PROBLEM DETAILS =>
Here are some records; quote them exactly, leaving out the pictures.

Data records =>
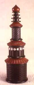 Tiered Pagoda Series, No. 1. African blackwood, pink ivory, pink mother-of-pearl cabochons. No. 1 in a limited edition series of 4 pieces. Based on Japanese Shinto temple architecture with diminishing sizes of pagoda forms towards the top of the structure. Base drum is decorated with a delicate v-cut giving a perforated effect. The curving roof atop each drum is fluted with a convex round bit. The second level consists of 12 arcades topped by a "light" made of 4-mm pink mother-of-pearl gemstone cabochons. The third level is a very fine (only 0.030" wide) indexed spiral pattern. Surmounting the third level roof is a blackwood pinnacle topped by a flame finial of pink ivory. The first and second level roofs lift off to expose miniature box compartments within. An experiment in design to create a series of pieces with the same design but different materials throughout.
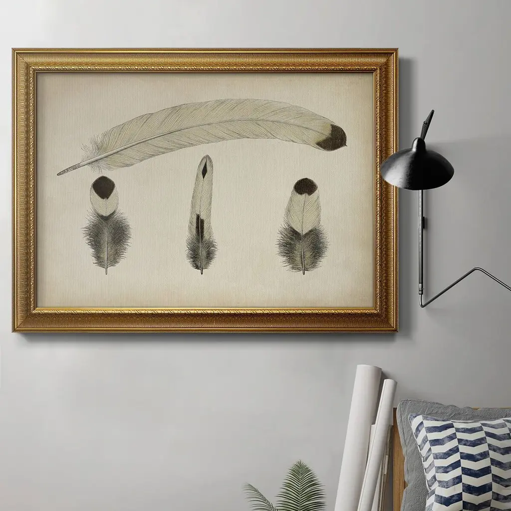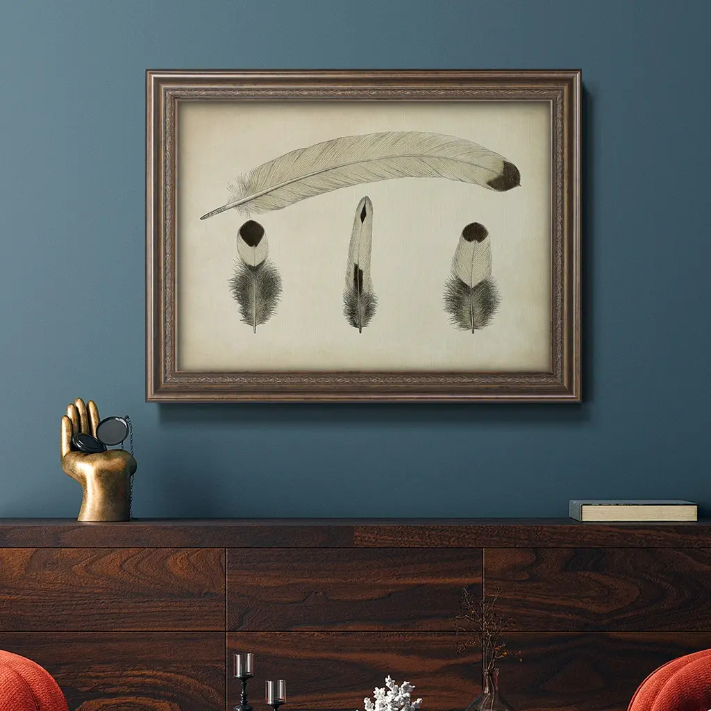 Vintage Feathers V Premium Framed Canvas- Ready to Hang A Premium Framed Canvas created to last. Framed in distressed wood and available in an array of sizes and colors Featuring a beveled a solid wood stretcher bar, each piece comes ready to hand 3 SIZES AVAILABLE 16''X20'' - Overall Size 18'X27'' - Overall Size 24''x36'' - Overall Size Each piece is made to order. Each piece comes with hanging hardware. Made in the USA Ready to Hang Giclee Paper Print Acrylic Glass Beveled Matt Board
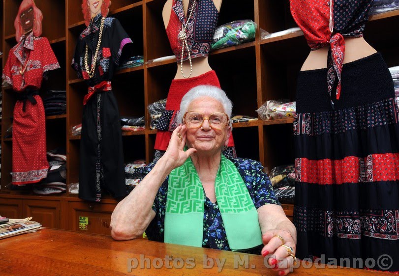" Nel Mondo, la boutique di Maria " Lampo" di Positano è senzaltro la piu conosciuta. La sartoria di Maria è' stata la prima ad aprire alla fine dell' ultima guerra, durante questo periodo Positano era un villaggio di marinai e pescatori ospitali e generosi, sconosciuto ai più ed era dimora e rifugio di artisti squattrinati provenienti da tutta Europa. Dal '46 incominciarono ad arrivare i primi " Furrastieri" e i positanesi intuendo una nuova possibile fonte di guadagno si adoperarono in tutti i modi per accoglierli a dovere. Qualcuno li accolse in casa offrendo linde stanze, altri offrendo freschi sorbetti, vino locale e pasti con le specialità del luogo. Nacquero i primi negozi. Maria allora poco più che diciottenne con il marito Alfonsino, bravissimo nel tagliare e nel cucire, intuì la possibilità di una svolta nella loro vita mettendosi all'opera con la brillante idea di confezionare in poco tempo un pantalone su misura per il turista. Esposero sull' uscio della bottega un cartello con la scritta " Si eseguono pantaloni su misura". A chi domandava a quando il ritiro la risposta era : " Dopo il bagno, tra un paio d'ore". Di lì a due ore il pantolone di lino grezzo o di tela Massaua era pronto. Un " Furrastiero" stupito disse," Ma tu sei davvero un lampo". Da qui il soprannome di Maria Lampo, tanto che oggi dopo più di 50 anni nessuno si ricorda il suo vero cognome. Vennero i primi americani e gli inglesi. Maria che aveva soltanto studiato fino alla terza elementare si sentiva a disagio. Non capiva la loro lingua. Con molta umiltà andò a lezioni di inglese presso la signora Brandt, una tedesca che viveva a Postano. Così imparò le prime parole chiave per il suo mestiere: "good morning, thank-you, trousers, skirts or dress, bathing-suit.". Con i fazzolettoni di cotone colorato, quelli che i contadini portavano al collo durante le ore di lavoro in campagna e che oggi vengono chiamati " bandane", Maria ha fatto "la sua fortuna " mi dice da dietro il bancone di legno a cassettoni, il suo posto di comando, " la sua tolda". Oggi Maria è sempre lì, al suo solito posto, sorridente e accogliente pronta ad accontentare il nuovo arrivato e a seguirlo personalmente. Il negozietto di allora si è trasformato diventando una grande boutique che offre alla sua clientela capi raffinati e di tendenza che vestono tutte le età. Dagli adulti ai più piccini. Tanti sono i Vip vestiti dalla sartoria ai Mulini: da Jaky Kennedy, Dustin Hoffmann, Massimo D'Apporto, Mara Venier, Gerry Scotti , Renzo Arbore, Cecchi Paone e tanti altri ancora. All'interno del negozio c'è un intera parete di fotografie che ritraggono Maria con un personaggio diverso. Un aneddoto personale: nella metà degli anni '60, a Roma tra noi ragazzi il pantalone di lino e il costumino da bagno di Maria erano già famosi e di prestigio. Ambivamo tutti a possedere il pantalone su misura e ancora di più il costume da bagno a calzoncino confezionato con i fazzolettoni di cotone blu o rossi. Non si poteva scendere in spiaggia senza quei mitici pantaloncini da bagno. Tanto che ci organizzammo a fare una volata in macchina Roma-Positano- Roma per acquistare per tutta la comitiva quei costumi così " FORTI". Un secondo aneddoto capitato quest'anno: un gruppo di giapponesi in visita a Positano si è presentato nella sua boutique e dopo aver acquistato gonne, pantaloni e costumi da bagno hanno chiesto della titolare. Quando Maria incuriosita si è presentata a loro hanno mostrato una copia di una rivista giapponese che pubblicava un servizio su di lei e le hanno chiesto l'autografo. Il vero segreto di Maria Lampo fin da quando lasciò la terza elementare per andare a " faticare " nella bottega di alimentari della famiglia era il suo naturale sovoir faire, la sua simpatia innata, la sua intuizione nel capire i desideri del cliente e la sua grande capacità di trattare con grazia infinita il prossimo."Foto e servizio di massimo capodanno
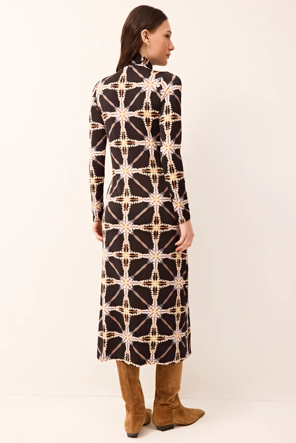 One of our Founder’s favorite seasonal silhouettes, this figure-skimming turtleneck dress features a soft jersey knit that underscores Paxton’s elegant lines. The slip-on style is pictured here in Polaris, a fashion take on tie-dye in a neutral winter color palette that captures the moody glamour of shifting temperatures. The perfect layer? Our Beatrice vest in Polar.
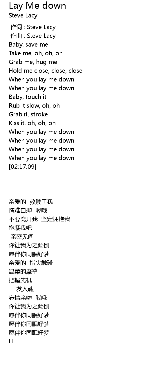 | [02:13.55] | When you lay me down |

REPLY TO THE EXERCISE =>
 Tiered Pagoda Series, No. 1. African blackwood, pink ivory, pink mother-of-pearl cabochons. No. 1 in a limited edition series of 4 pieces. Based on Japanese Shinto temple architecture with diminishing sizes of pagoda forms towards the top of the structure. Base drum is decorated with a delicate v-cut giving a perforated effect. The curving roof atop each drum is fluted with a convex round bit. The second level consists of 12 arcades topped by a "light" made of 4-mm pink mother-of-pearl gemstone cabochons. The third level is a very fine (only 0.030" wide) indexed spiral pattern. Surmounting the third level roof is a blackwood pinnacle topped by a flame finial of pink ivory. The first and second level roofs lift off to expose miniature box compartments within. An experiment in design to create a series of pieces with the same design but different materials throughout.
 Vintage Feathers V Premium Framed Canvas- Ready to Hang A Premium Framed Canvas created to last. Framed in distressed wood and available in an array of sizes and colors Featuring a beveled a solid wood stretcher bar, each piece comes ready to hand 3 SIZES AVAILABLE 16''X20'' - Overall Size 18'X27'' - Overall Size 24''x36'' - Overall Size Each piece is made to order. Each piece comes with hanging hardware. Made in the USA Ready to Hang Giclee Paper Print Acrylic Glass Beveled Matt Board
" Nel Mondo, la boutique di Maria " Lampo" di Positano è senzaltro la piu conosciuta. La sartoria di Maria è' stata la prima ad aprire alla fine dell' ultima guerra, durante questo periodo Positano era un villaggio di marinai e pescatori ospitali e generosi, sconosciuto ai più ed era dimora e rifugio di artisti squattrinati provenienti da tutta Europa. Dal '46 incominciarono ad arrivare i primi " Furrastieri" e i positanesi intuendo una nuova possibile fonte di guadagno si adoperarono in tutti i modi per accoglierli a dovere. Qualcuno li accolse in casa offrendo linde stanze, altri offrendo freschi sorbetti, vino locale e pasti con le specialità del luogo. Nacquero i primi negozi. Maria allora poco più che diciottenne con il marito Alfonsino, bravissimo nel tagliare e nel cucire, intuì la possibilità di una svolta nella loro vita mettendosi all'opera con la brillante idea di confezionare in poco tempo un pantalone su misura per il turista. Esposero sull' uscio della bottega un cartello con la scritta " Si eseguono pantaloni su misura". A chi domandava a quando il ritiro la risposta era : " Dopo il bagno, tra un paio d'ore". Di lì a due ore il pantolone di lino grezzo o di tela Massaua era pronto. Un " Furrastiero" stupito disse," Ma tu sei davvero un lampo". Da qui il soprannome di Maria Lampo, tanto che oggi dopo più di 50 anni nessuno si ricorda il suo vero cognome. Vennero i primi americani e gli inglesi. Maria che aveva soltanto studiato fino alla terza elementare si sentiva a disagio. Non capiva la loro lingua. Con molta umiltà andò a lezioni di inglese presso la signora Brandt, una tedesca che viveva a Postano. Così imparò le prime parole chiave per il suo mestiere: "good morning, thank-you, trousers, skirts or dress, bathing-suit.". Con i fazzolettoni di cotone colorato, quelli che i contadini portavano al collo durante le ore di lavoro in campagna e che oggi vengono chiamati " bandane", Maria ha fatto "la sua fortuna " mi dice da dietro il bancone di legno a cassettoni, il suo posto di comando, " la sua tolda". Oggi Maria è sempre lì, al suo solito posto, sorridente e accogliente pronta ad accontentare il nuovo arrivato e a seguirlo personalmente. Il negozietto di allora si è trasformato diventando una grande boutique che offre alla sua clientela capi raffinati e di tendenza che vestono tutte le età. Dagli adulti ai più piccini. Tanti sono i Vip vestiti dalla sartoria ai Mulini: da Jaky Kennedy, Dustin Hoffmann, Massimo D'Apporto, Mara Venier, Gerry Scotti , Renzo Arbore, Cecchi Paone e tanti altri ancora. All'interno del negozio c'è un intera parete di fotografie che ritraggono Maria con un personaggio diverso. Un aneddoto personale: nella metà degli anni '60, a Roma tra noi ragazzi il pantalone di lino e il costumino da bagno di Maria erano già famosi e di prestigio. Ambivamo tutti a possedere il pantalone su misura e ancora di più il costume da bagno a calzoncino confezionato con i fazzolettoni di cotone blu o rossi. Non si poteva scendere in spiaggia senza quei mitici pantaloncini da bagno. Tanto che ci organizzammo a fare una volata in macchina Roma-Positano- Roma per acquistare per tutta la comitiva quei costumi così " FORTI". Un secondo aneddoto capitato quest'anno: un gruppo di giapponesi in visita a Positano si è presentato nella sua boutique e dopo aver acquistato gonne, pantaloni e costumi da bagno hanno chiesto della titolare. Quando Maria incuriosita si è presentata a loro hanno mostrato una copia di una rivista giapponese che pubblicava un servizio su di lei e le hanno chiesto l'autografo. Il vero segreto di Maria Lampo fin da quando lasciò la terza elementare per andare a " faticare " nella bottega di alimentari della famiglia era il suo naturale sovoir faire, la sua simpatia innata, la sua intuizione nel capire i desideri del cliente e la sua grande capacità di trattare con grazia infinita il prossimo."Foto e servizio di massimo capodanno
 One of our Founder’s favorite seasonal silhouettes, this figure-skimming turtleneck dress features a soft jersey knit that underscores Paxton’s elegant lines. The slip-on style is pictured here in Polaris, a fashion take on tie-dye in a neutral winter color palette that captures the moody glamour of shifting temperatures. The perfect layer? Our Beatrice vest in Polar.
 | [02:13.55] | When you lay me down |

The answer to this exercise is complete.